(Source data)
=== Section Start ===

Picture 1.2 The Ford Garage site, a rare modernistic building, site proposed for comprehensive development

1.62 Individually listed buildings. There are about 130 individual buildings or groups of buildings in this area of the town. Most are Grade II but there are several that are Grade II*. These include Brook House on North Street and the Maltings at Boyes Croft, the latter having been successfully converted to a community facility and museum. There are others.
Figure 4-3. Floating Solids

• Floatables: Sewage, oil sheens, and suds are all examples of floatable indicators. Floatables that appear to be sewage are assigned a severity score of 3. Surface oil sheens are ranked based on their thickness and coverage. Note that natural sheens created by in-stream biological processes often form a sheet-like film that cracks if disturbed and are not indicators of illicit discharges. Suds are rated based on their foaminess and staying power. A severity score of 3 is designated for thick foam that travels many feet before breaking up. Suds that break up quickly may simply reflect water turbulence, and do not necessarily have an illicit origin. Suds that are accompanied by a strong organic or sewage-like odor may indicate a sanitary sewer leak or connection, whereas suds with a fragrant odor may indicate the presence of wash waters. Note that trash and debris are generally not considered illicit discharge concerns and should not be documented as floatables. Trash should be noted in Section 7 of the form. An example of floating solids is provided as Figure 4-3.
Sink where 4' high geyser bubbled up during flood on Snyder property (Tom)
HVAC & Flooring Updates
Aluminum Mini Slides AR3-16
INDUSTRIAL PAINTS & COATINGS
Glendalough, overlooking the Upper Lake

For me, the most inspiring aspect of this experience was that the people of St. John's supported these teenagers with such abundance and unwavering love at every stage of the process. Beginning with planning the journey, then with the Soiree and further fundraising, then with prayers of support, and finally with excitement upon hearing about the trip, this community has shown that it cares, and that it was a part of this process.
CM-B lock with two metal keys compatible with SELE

=== Section End ===
=== Section Start ===

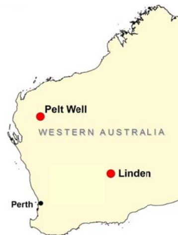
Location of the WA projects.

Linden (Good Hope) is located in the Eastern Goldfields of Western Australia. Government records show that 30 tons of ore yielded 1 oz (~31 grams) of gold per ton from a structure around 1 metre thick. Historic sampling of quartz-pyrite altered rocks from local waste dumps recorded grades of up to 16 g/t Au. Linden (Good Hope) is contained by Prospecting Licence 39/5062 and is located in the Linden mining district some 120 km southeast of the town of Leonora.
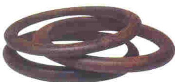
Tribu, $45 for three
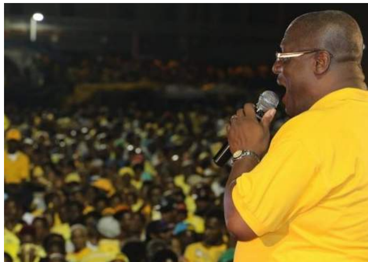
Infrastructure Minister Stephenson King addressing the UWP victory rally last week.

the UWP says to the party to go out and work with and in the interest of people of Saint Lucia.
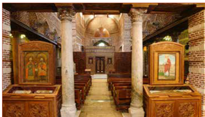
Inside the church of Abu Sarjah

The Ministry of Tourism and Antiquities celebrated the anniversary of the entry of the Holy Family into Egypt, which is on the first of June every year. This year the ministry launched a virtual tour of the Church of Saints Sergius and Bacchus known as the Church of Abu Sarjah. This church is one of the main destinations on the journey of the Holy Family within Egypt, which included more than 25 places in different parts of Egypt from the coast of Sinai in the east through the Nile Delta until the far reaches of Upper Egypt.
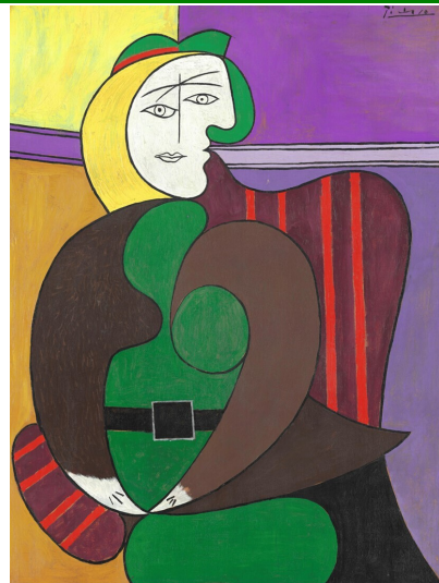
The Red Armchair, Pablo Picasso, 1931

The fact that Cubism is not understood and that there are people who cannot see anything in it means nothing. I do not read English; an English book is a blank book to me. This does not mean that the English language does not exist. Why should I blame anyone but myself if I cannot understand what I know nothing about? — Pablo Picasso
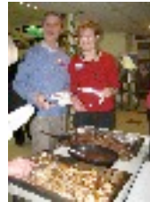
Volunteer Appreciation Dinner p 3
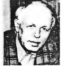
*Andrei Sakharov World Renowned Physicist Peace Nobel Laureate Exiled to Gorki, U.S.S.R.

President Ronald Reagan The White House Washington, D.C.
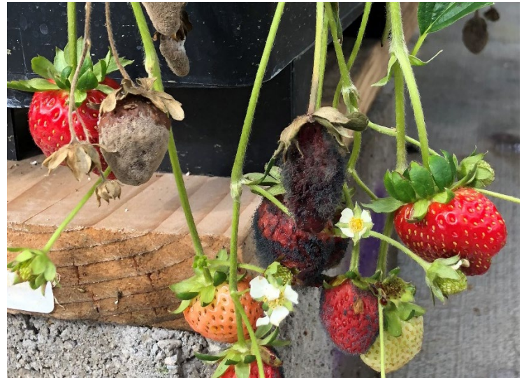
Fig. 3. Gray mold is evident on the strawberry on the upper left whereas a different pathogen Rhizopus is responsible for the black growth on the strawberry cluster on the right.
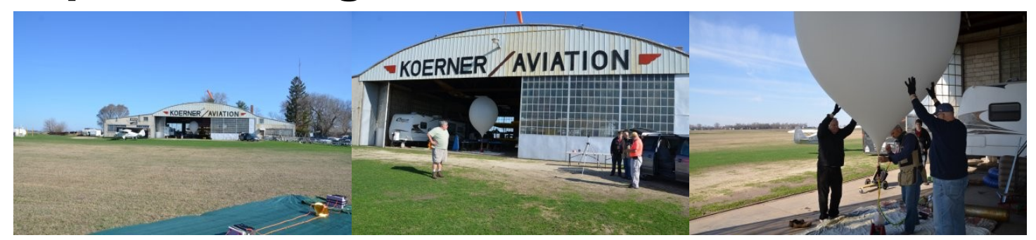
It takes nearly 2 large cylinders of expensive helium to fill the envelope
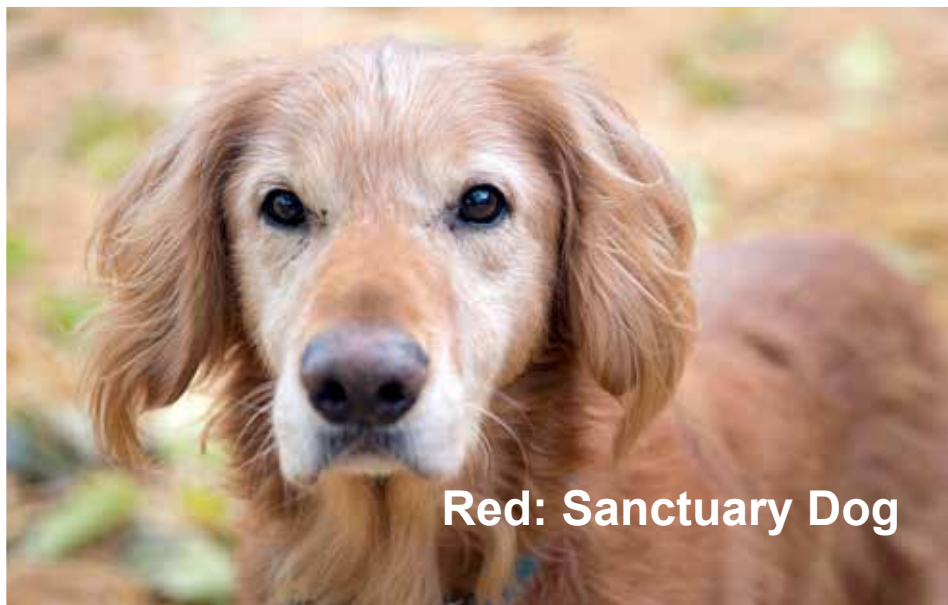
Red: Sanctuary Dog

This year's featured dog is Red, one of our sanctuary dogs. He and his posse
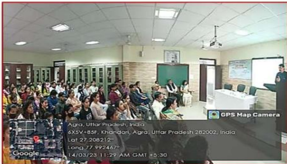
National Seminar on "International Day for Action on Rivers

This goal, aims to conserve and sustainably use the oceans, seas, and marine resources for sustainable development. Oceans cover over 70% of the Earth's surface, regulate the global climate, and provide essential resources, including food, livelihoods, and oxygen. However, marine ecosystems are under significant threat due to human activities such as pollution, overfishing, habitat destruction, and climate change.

=== Section End ===

Wherever the line holding "Picture 1.2 The" falls in the entries above, copy exactly from it through the line holding "Figure 4-3. Floating Solids", inclusive, and add nothing.

Picture 1.2 The Ford Garage site, a rare modernistic building, site proposed for comprehensive development

1.62 Individually listed buildings. There are about 130 individual buildings or groups of buildings in this area of the town. Most are Grade II but there are several that are Grade II*. These include Brook House on North Street and the Maltings at Boyes Croft, the latter having been successfully converted to a community facility and museum. There are others.
Figure 4-3. Floating Solids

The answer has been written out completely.